Einen klaren Gegenentwurf liefert die L-Bank Baden-Württemberg: Ihr Programm heißt tatsächlich „Liquiditätskredit“ und definiert den Begriff ausdrücklich. Im Merkblatt der L-Bank (Stand 01.07.2019) heißt es, das Programm finanziere Liquiditätsbedarf im Zusammenhang mit nicht-investiven Maßnahmen. Investitionen in langfristige Anlagegüter wie Maschinen oder Betriebsgebäude sind dort explizit ausgeschlossen. Das Merkblatt formuliert es direkt: „Das Programm ist kein Investitionsförderprogramm.“
Betriebsmittel als Liquiditätskomponente in KfW-Programmen
In den KfW-Merkblättern erscheinen Betriebsmittel und Warenlager als eigenständige Verwendungszwecke neben Investitionen, Unternehmensübernahmen und Beteiligungen. Das ist kein redaktioneller Zufall, sondern hat praktische Konsequenzen: Für Betriebsmittel gelten andere Kreditobergrenzen als für Investitionen.
Besonders deutlich wird das im ERP-Förderkredit KMU mit Haftungsfreistellung (Kredit 366). Für Investitionen und Unternehmensübernahmen liegt die Kreditobergrenze bei jeweils 25 Millionen Euro pro Vorhaben. Für Betriebsmittel und Warenlager hingegen gilt eine Grenze von 7,5 Millionen Euro. Bei Kreditbeträgen über 2 Millionen Euro kommt eine zusätzliche Deckelung hinzu: Der Kredit darf maximal 30 Prozent der letzten Bilanzsumme der Unternehmensgruppe betragen (Quelle: KfW-Merkblatt Kredit 366, Stand 01.09.2026).
Wo verläuft die Grenze zwischen Liquiditäts- und Investitionskredit?
Die Abgrenzung folgt der Art des finanzierten Vorhabens. Investitionskredite finanzieren langfristige Anlagegüter, die über mehrere Jahre genutzt werden. Liquiditätskredite finanzieren den laufenden Betrieb: Warenlageraufstockungen, die Ausweitung von Debitoren, die Aufrechterhaltung der Skontierfähigkeit oder die Umschuldung kurzfristiger Kontokorrentlinien.
Das L-Bank-Programm macht diese Trennlinie besonders anschaulich. Es benennt förderfähige Vorhaben ausdrücklich und schließt Investitionen in langfristige Anlagegüter explizit aus. Die Unterscheidung ist in der Praxis relevant, weil ein falsch zugeordneter Verwendungszweck zur Ablehnung des Antrags führen kann.
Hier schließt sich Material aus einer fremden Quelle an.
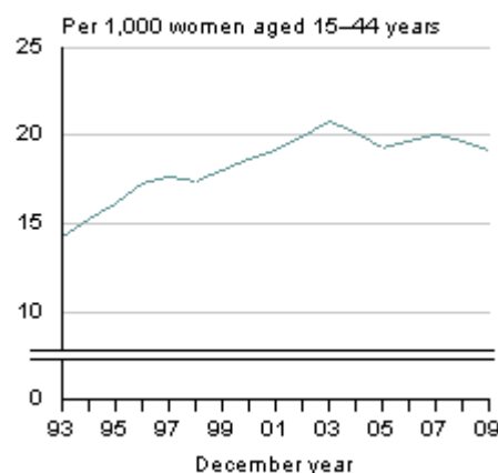
General abortion rate 1993–2009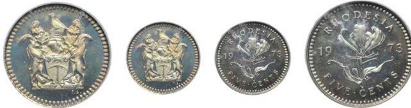
1502 Republic , Proof 5 Cents, 1973, 12h (KM. 12). Brilliant FDC, extremely rare 10 struck. Slabbed in PCI holder, graded PR 68 Cameo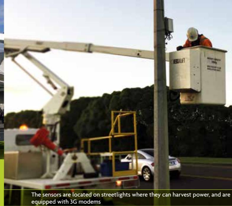
The sensors are located on streetlights where they can harvest power, and are equipped with 3G modems

Whilst traditional highway engineers focus on level of service, occupancy, free flow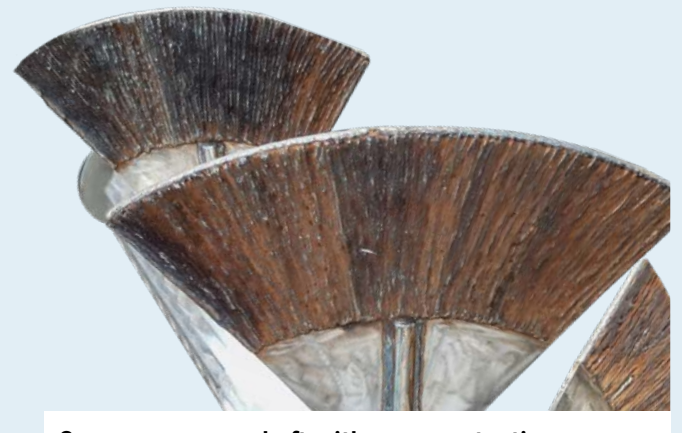
Screw conveyor shaft with wear protection for sewage sludge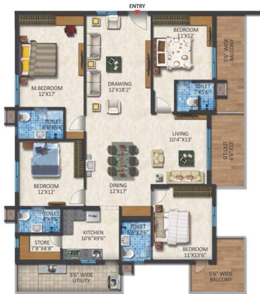
Flat No. 10 - West - 4BHK 2650sft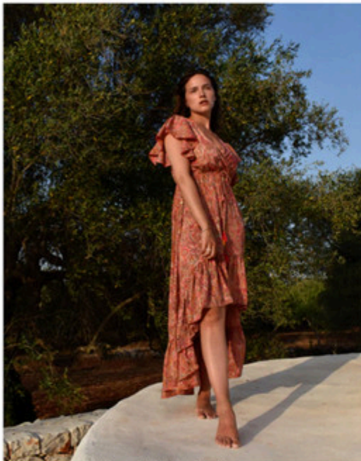
Maxi dress with ruffles and a sloping hemline €79.90 SOLD OUT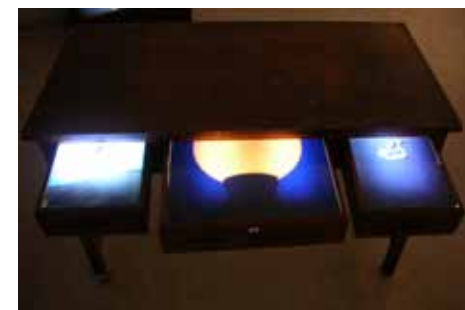
无题 - 抽屉 1 装置 / 家具, 灯箱 Untitled-Drawer 1 Installation / furniture, light box 120.0 × 78.0 × 60.0 cm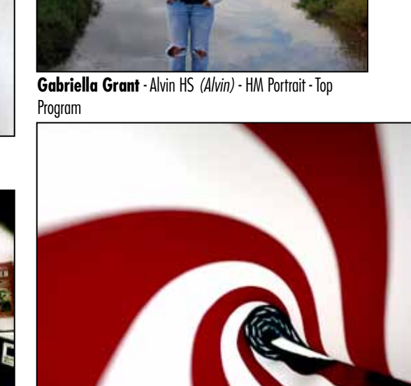
Cody Garcia - Deer Park HS (Deer Park) - HM Still Life - Top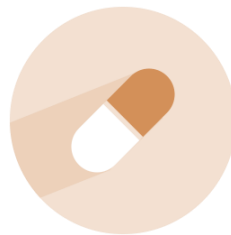
Barriers to prescription medicines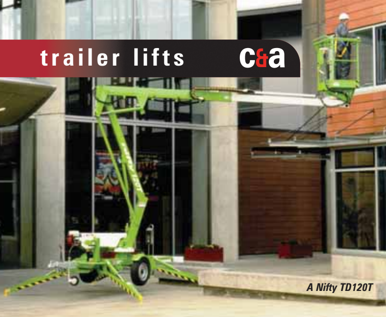
A Nifty TD120T

platform into almost any position under its own steam, and yes most can be transported easily on a two axle plant trailer, but it does have several disadvantages when compared to a trailer lift.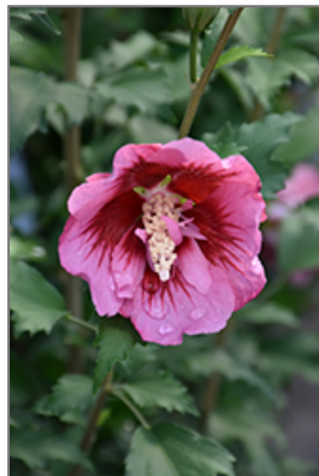
Red Pillar Rose of Sharon flowers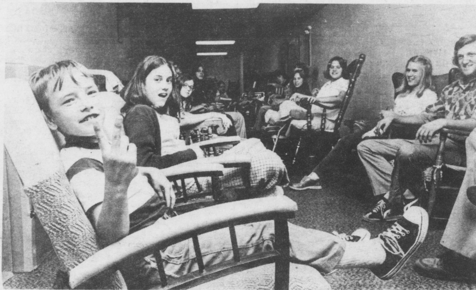
The Rockathon gets underway at Marietta Assembly of God Church.

Young people of Marietta Assembly of God Church held an all night "Rock-A-Thon" to raise money for missionaries around the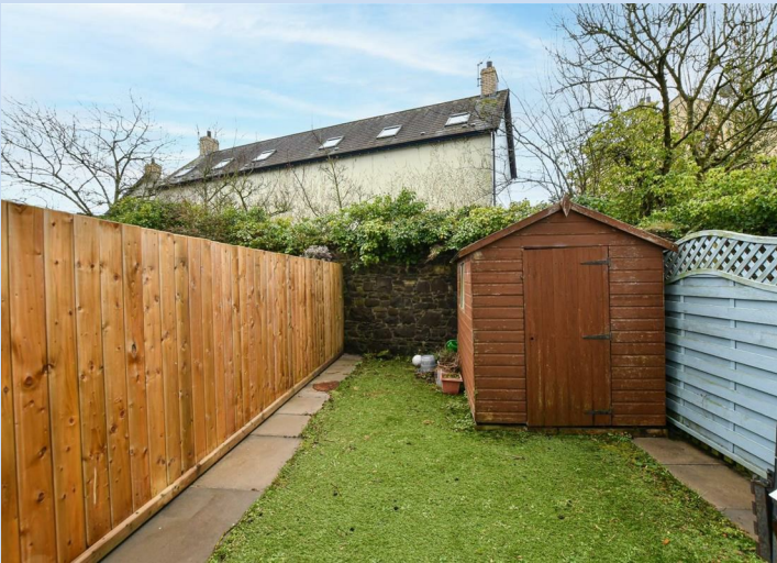
TYPE ROOM NAME HERE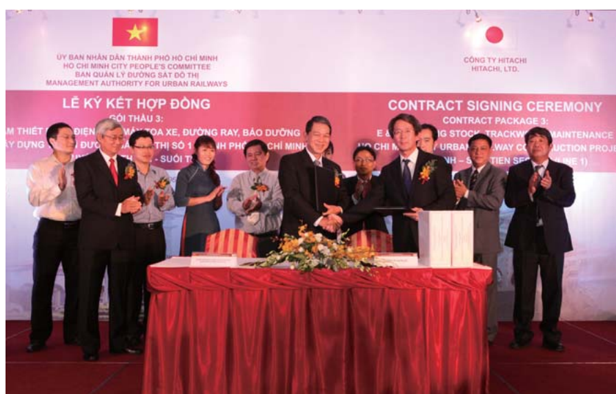
After being awarded preferred bidder status in January 2013, Hitachi signed the formal contract in June of that year.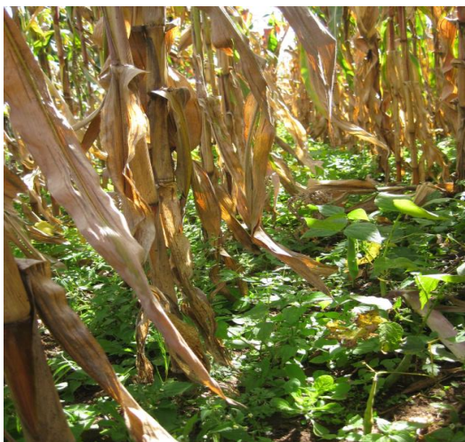
Photo (source Margriet Samwel, WECF): example of mulched maize with an intercrop

It is unwise however, to mix plants belonging to the same family because they are prone to attack by the same microorganisms. Therefore, it is not advisable to mix potato and eggplant, cabbage and cauliflower, cucumber and courgettes. It is safe to mix species from different families like tomato and pigeon pea, cabbage and onion and cucumber and maize. This holds for crop rotation. Plants from same family should not be grown in succession.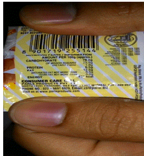
Figure 1: Protein content of biscuit made by using only wheat flour is low.

things as same, but a difference in the protein content between the two types of biscuits can be tested and a very slight difference in the taste between them can also be felt (Figure 1). It was clear that the protein content of the biscuit having banana and cashew having as its ingredients contain more protein level than the biscuit which was made by using wheat flour only (Figure 2).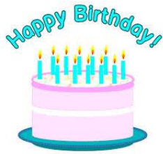
Lynn Ruddle January 25th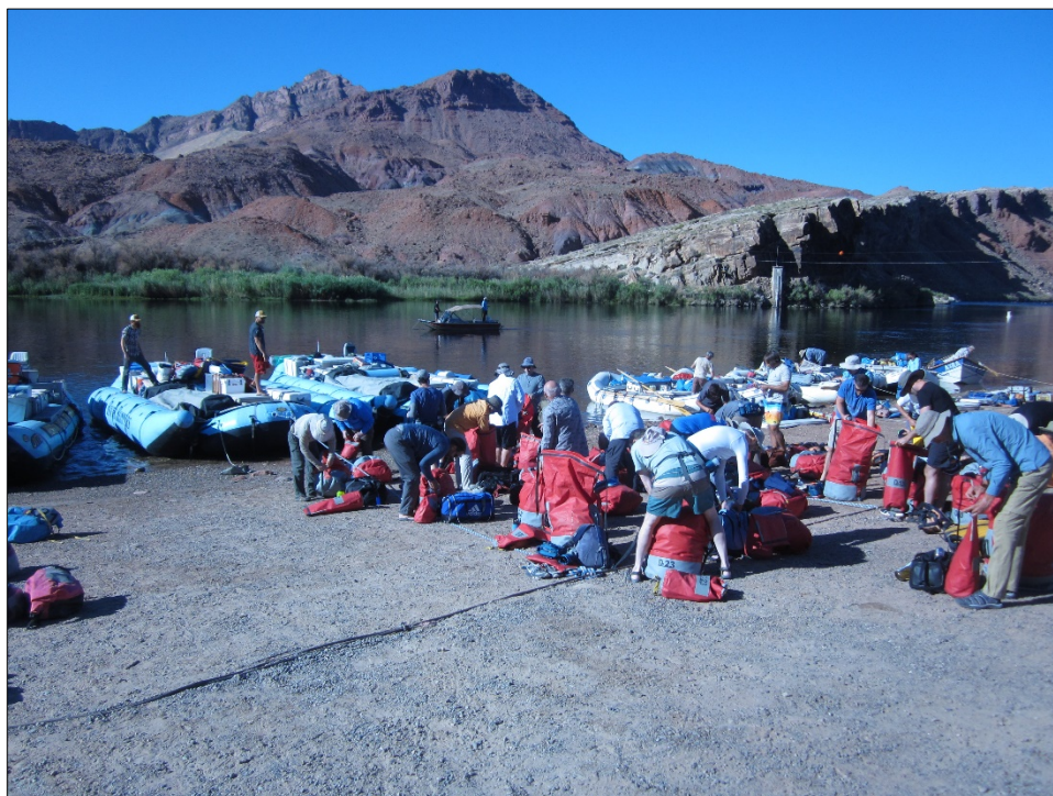
Figure 2. Packing our gear in dry bags at the boat launch.

Let the adventure begin! Time to say goodbye to cell service, internet, and air-conditioning for the next week.

Laut Merkblatt und Förderdatenbank des Bundes kommen folgende Vorhaben in Betracht:
- Betriebsmittelfinanzierungen bei wachstumsbedingtem Mehrbedarf (zum Beispiel Aufstockung des Warenlagers oder Ausweitung der Debitoren)
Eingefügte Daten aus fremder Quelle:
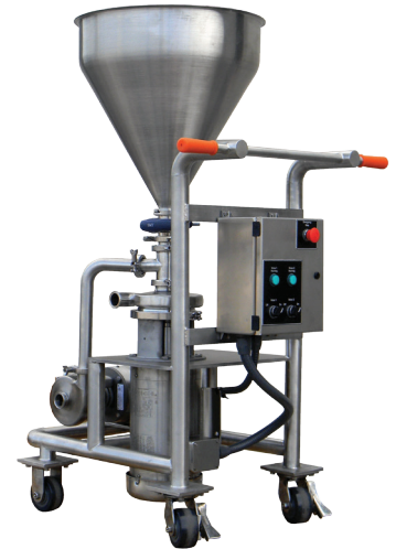
AC+ Dry Blender System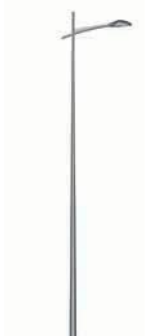
B - Jima800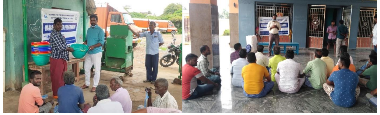
Harbour based programmes at Cuddalore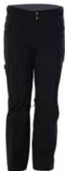
Black- Available in: Long / Regular / Short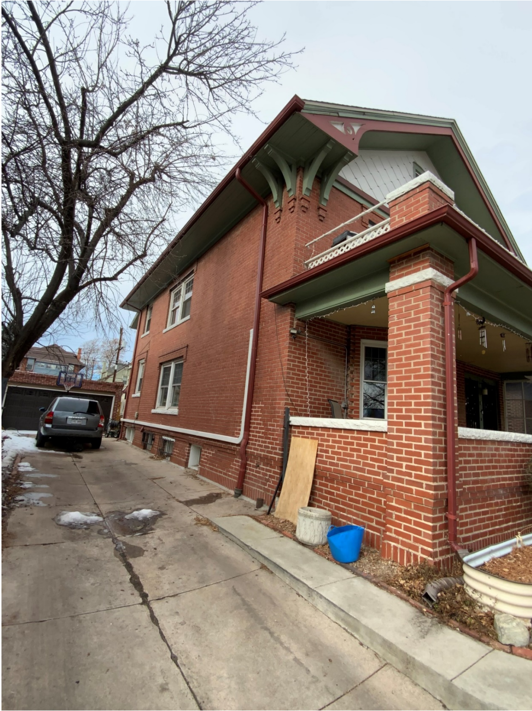
South Façade - Irving P. Andrews home 2241/43 York St with original garage structure at terminus of driveway accessed from York Street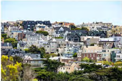
California California State Polytechnic University, Pomona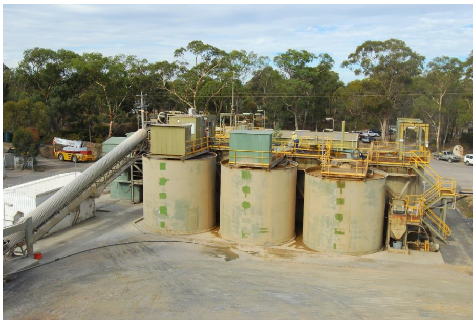
Figure 1. Operating Maldon Treatment Plant Monday 2 nd March 2015

The Company expects to complete its first gold pour in approximately three weeks' time.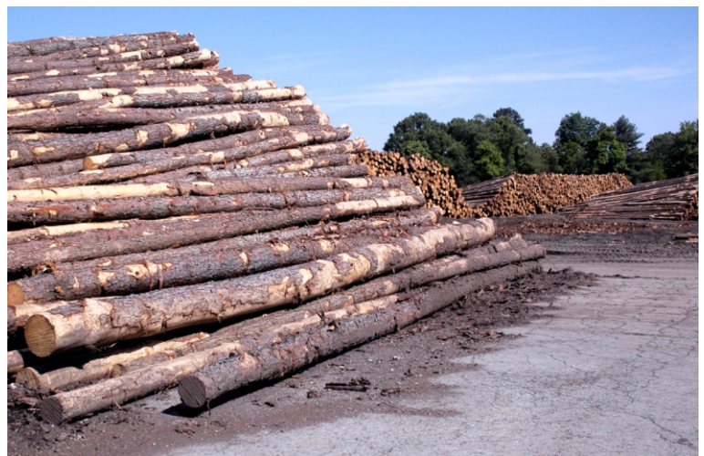
As many as 5,000 of these pine logs pass through the mill on a typical work day.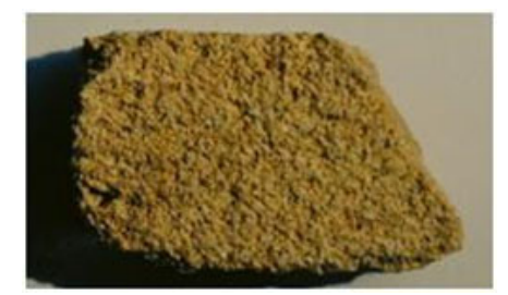
Fig. (2). Calcareous sandstone of Athalassa formation [3].

The stone is quarried from the hills around Nicosia [1] and a number of famous structures are characteristic constructions using this particular stone. It is a holocrystalline porous rock relatively coarse-grained with fragments of calcium carbonate cemented with secondary calcite [2]. Its crushing and flexural strengths are much lower than that of the calcareous sandstone of the Pachna formation and its color is yellow-ochre (Fig. 2).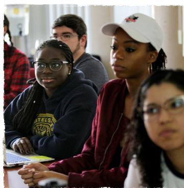
One of the many workshops held during Graduate Education Week.

We hope you had the opportunity to participate in one (or all!) of our Graduate Education Week events, and look forward to doing it again next year!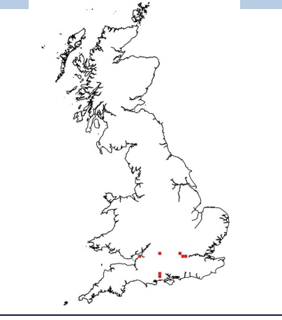
Data provided by the BSBI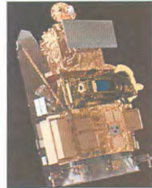
Near Field Infrared Experiment (NFIRE)

NFIRE, a passive, multi-spectral satellite, was launched in 2007 to track missiles in flight. Its suite of high-performance sensors has collected near-field, high-, and low-resolution images of a boosting rocket. In addition to missile tracking functions, NFIRE operators also execute risk reduction data collections to support future MDA programs for low-earth orbit tracking systems and sea-based Standard Missile programs. In 2011, a German built Laser Communications Terminal payload aboard NFIRE achieved simultaneous atmospheric data collection during a bi-directional (full duplex) laser communications link with the German TerraSAR-X satellite. The satellites communicated approximately 5.6GB data every 7.3 seconds or roughly one DVD worth of data every 3.7 seconds across a separation distance of approximately 10,000 km.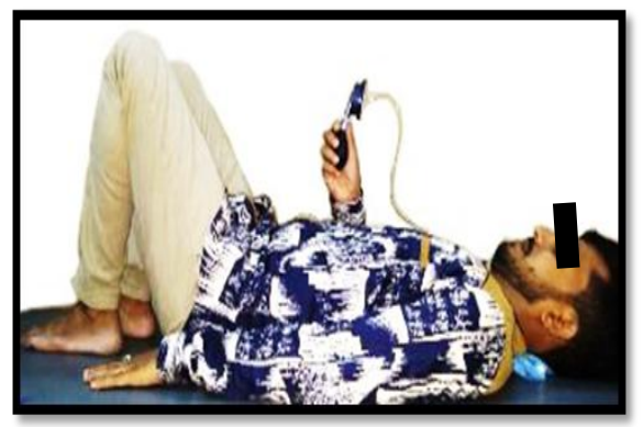
Figure 2: craniocervical flexion training

The final pressure was the one at which the patient could hold 10 sec for 10 repetition. At that pressure training was started for deep cervical flexor muscles,3 sets of 10 repetition. with 2min rest between each set. Along with this all conventional exercise have been given.

- Konsolidierungen zur Aufrechterhaltung der Zahlungsfähigkeit
- Kurzfristige Umschuldungen aus dem Kontokorrent
- Betriebsübernahmen inklusive Kaufpreis, Folgeinvestitionen, Betriebsmittel und Abfindungen
Welche Programme kommen für die Liquiditätsfinanzierung in Frage?
Drei Programme sind besonders relevant. Sie unterscheiden sich nach Zielgruppe, Kreditobergrenze und der Frage, ob die KfW der Hausbank eine Haftungsfreistellung gewährt. Die Haftungsfreistellung bedeutet: Die KfW übernimmt einen Teil des Kreditrisikos, was die Hausbank eher dazu bringt, den Kredit zu genehmigen.
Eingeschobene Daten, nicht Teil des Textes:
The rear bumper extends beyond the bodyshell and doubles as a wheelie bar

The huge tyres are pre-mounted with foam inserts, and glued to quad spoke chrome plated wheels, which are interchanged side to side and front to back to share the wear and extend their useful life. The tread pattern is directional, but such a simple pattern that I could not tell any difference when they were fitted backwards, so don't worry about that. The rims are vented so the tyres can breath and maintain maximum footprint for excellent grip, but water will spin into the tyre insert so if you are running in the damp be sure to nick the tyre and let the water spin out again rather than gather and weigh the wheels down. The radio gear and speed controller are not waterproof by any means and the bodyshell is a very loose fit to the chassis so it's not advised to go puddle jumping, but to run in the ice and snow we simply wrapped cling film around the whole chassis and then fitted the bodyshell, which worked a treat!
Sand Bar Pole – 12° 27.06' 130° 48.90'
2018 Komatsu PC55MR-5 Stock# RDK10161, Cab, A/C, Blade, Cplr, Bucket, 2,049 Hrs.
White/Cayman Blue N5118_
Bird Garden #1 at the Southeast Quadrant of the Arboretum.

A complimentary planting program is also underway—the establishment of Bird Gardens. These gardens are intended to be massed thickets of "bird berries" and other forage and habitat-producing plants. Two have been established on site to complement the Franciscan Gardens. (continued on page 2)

Eine strukturierte Übersicht hilft bei der ersten Orientierung:
| Programm | Produktnummer | Zielgruppe | Betriebsmittel förderfähig |
|---|---|---|---|
| KfW-Unternehmerkredit | 037 / 047 | Etablierte Unternehmen ab 5 Jahren; KMU (047), größere Unternehmen (037) | Ja |
| ERP-Förderkredit KMU | 365 | KMU nach EU-Definition, Einzelunternehmen, Freiberufler | Ja |
| ERP-Förderkredit KMU mit Haftungsfreistellung | 366 | KMU nach EU-Definition, Einzelunternehmen, Freiberufler | Ja, max. 7,5 Mio. Euro |
| L-Bank-Liquiditätskredit (KfW-refinanziert) | L-Bank-Programm | Mittelstand bis in der Regel 500 Beschäftigte in Baden-Württemberg | Ja, Kernzweck des Programms |
KfW-Unternehmerkredit (037 und 047)
Der KfW-Unternehmerkredit richtet sich an etablierte Unternehmen, die seit mindestens fünf Jahren bestehen, sowie an Einzelunternehmen und Freiberufler. Kleine und mittlere Unternehmen nach EU-Definition beantragen den Kredit über die Produktnummer 047, größere Unternehmen ohne Umsatzbeschränkung über die Produktnummer 037. Beide Varianten finanzieren Investitionen und Betriebsmittel.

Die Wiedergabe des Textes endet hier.